一方、実施例1〜3の電極箔は、十分に粒成長させているため、陽極酸化電圧を上げても面積当たりのCVの低下が非常に少ない。従って、本発明による電極箔を用いることで、より高耐電圧の固体電解コンデンサを作製することができる。
また、実施例1は剥離〜熱処理〜酸洗〜Al蒸着という順序で、実施例2では熱処理〜剥離〜Al蒸着〜酸洗という順序で、それぞれ複合電極箔が得られている。従って、粒調整する前または後に、形成したバルブ金属積層膜を基板より剥離しても、異相成分を溶解除去する前または後に、緻密層の表面に集電体層を形成しても、いずれの工程でも複合電極箔の作製が可能である。
剥離層を0.1μm形成した実施例3では、酸洗時に剥離層を同時に溶解除去することができたが、剥離層を0.03μmとした比較例2では、酸洗時に剥離が起こらず、電極箔は得られなかった。
以上、説明したように、本発明のバルブ金属複合電極箔の製造方法により、従来のエッチングAl箔以上の面積静電容量密度を有し、かつ、Ta単体およびNb単体の電極箔と比較して、電極抵抗の低いバルブ金属複合電極箔が得られる。

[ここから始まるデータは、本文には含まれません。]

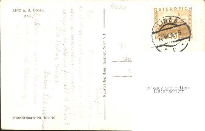 71555110 alte Postkarte Linz Donau Stadtansicht mit Dom Kuenstlerkarte Nr. 8011/10 postalisch gelaufen Erhaltung siehe scans KatCode: 11390312040101

また、集電体層としてAlを使用しており、希少金属であるTaおよびNbを単体で使用した電極箔と比較して、低コストで電極箔を作製することが可能である。
さらに、高温で粒成長させるため、より高電圧まで陽極酸化可能なバルブ金属複合電極箔が得られ、耐電圧の大きい電解コンデンサを作製することができるようになるため、有用である。
1 多孔質ペレット
2 ワイヤ
3 基板
4、7 多孔質層
5 集電体層
6 緻密層
7a、7b 合金薄膜
8 バリア層
9 剥離層
10 基板
2 ワイヤ
3 基板
4、7 多孔質層
5 集電体層
6 緻密層
7a、7b 合金薄膜
8 バリア層
9 剥離層
10 基板
Claims (13)
- 基板上にバルブ金属の緻密層を形成し、得られた緻密層の上に、前記バルブ金属、および、前記バルブ金属と相溶しない異相成分が、粒子径1nm〜1μmで均一に分布した合金薄膜を形成し、前記バルブ金属、および、前記異相成分を、真空熱処理により粒調整をし、前記合金薄膜を前記緻密層とともに前記基板より剥離し、前記異相成分を溶解除去して、前記合金薄膜を前記バルブ金属からなる多孔質層とし、前記緻密層の側に集電体層を形成することを特徴とするバルブ金属複合電極箔の製造方法。
- 基板上にバルブ金属の緻密層を形成し、得られた緻密層の上に、前記バルブ金属、および、前記バルブ金属と相溶しない異相成分が、粒子径1nm〜1μmで均一に分布した合金薄膜を形成し、前記合金薄膜を前記緻密層とともに前記基板より剥離し、前記バルブ金属、および、前記異相成分を、真空熱処理により粒調整をし、前記異相成分を溶解除去して、前記合金薄膜を前記バルブ金属からなる多孔質層とし、前記緻密層の側に集電体層を形成することを特徴とするバルブ金属複合電極箔の製造方法。
- 基板上にバルブ金属の緻密層を形成し、得られた緻密層の上に、前記バルブ金属、および、前記バルブ金属と相溶しない異相成分が、粒子径1nm〜1μmで均一に分布した合金薄膜を形成し、前記バルブ金属、および、前記異相成分を、真空熱処理により粒調整をし、前記合金薄膜を前記緻密層とともに前記基板より剥離し、前記緻密層の側に集電体層を形成し、前記異相成分を溶解除去して、前記合金薄膜を前記バルブ金属からなる多孔質層とすることを特徴とするバルブ金属複合電極箔の製造方法。
- 基板上にバルブ金属の緻密層を形成し、得られた緻密層の上に、前記バルブ金属、および、前記バルブ金属と相溶しない異相成分が、粒子径1nm〜1μmで均一に分布した合金薄膜を形成し、前記合金薄膜を前記緻密層とともに前記基板より剥離し、前記バルブ金属、および、前記異相成分を、真空熱処理により粒調整をし、前記緻密層の側に集電体層を形成し、前記異相成分を溶解除去して、前記合金薄膜を前記バルブ金属からなる多孔質層とすることを特徴とするバルブ金属複合電極箔の製造方法。
- 基板上に膜厚が0.05〜1μmであるCu、Cu合金、Ag、またはAg合金からなる剥離層を形成し、得られた剥離層の上に、前記バルブ金属の緻密層を形成し、得られた緻密層の上に、前記バルブ金属、および、前記バルブ金属と相溶しない異相成分が粒子径1nm〜1μmで均一に分布した合金薄膜を形成し、前記バルブ金属、および、前記異相成分を、真空熱処理により粒調整し、前記剥離層と合金薄膜の異相成分を溶解除去して、前記合金薄膜を前記バルブ金属からなる多孔質層とするとともに、該多孔質層を前記緻密層とともに前記基板より剥離し、前記緻密層の側に集電体層を形成することを特徴とするバルブ金属複合電極箔の製造方法。
- 前記バルブ金属として、Ta、Ta合金、Nb、およびNb合金から選ばれる少なくとも1種を用いることを特徴とする請求項1〜5のいずれかに記載のバルブ金属複合電極箔の製造方法。
- 前記集電体層を、AlまたはAl合金で形成することを特徴とする請求項1〜6のいずれかに記載のバルブ金属複合電極箔の製造方法。
- 予め、前記バルブ金属および集電体層の成分に対して熱力学的に安定なバリア層を前記基板上に形成することを特徴とする請求項1〜4のいずれかに記載のバルブ金属複合電極箔の製造方法。
- 前記バルブ金属および集電体層の成分に対して、熱力学的に安定なバリア層を、前記剥離層と前記緻密層の間に形成することを特徴とする請求項5に記載のバルブ金属複合電極箔の製造方法。
- 前記バリア層を、TiN、ZrN、またはHfNで形成することを特徴とする請求項8または9に記載のバルブ金属複合電極箔の製造方法。
- 前記合金薄膜の形成に、スパッタリング法または真空蒸着法を用いることを特徴とする請求項1〜10のいずれかに記載のバルブ金属複合電極箔の製造方法。
- 前記異相成分を、CuまたはAgとすることを特徴とする請求項1〜11のいずれかに記載のバルブ金属複合電極箔の製造方法。
- 前記基板として、石英基板またはアルミナ基板を用いることを特徴とする請求項1〜11のいずれかに記載のバルブ金属複合電極箔の製造方法。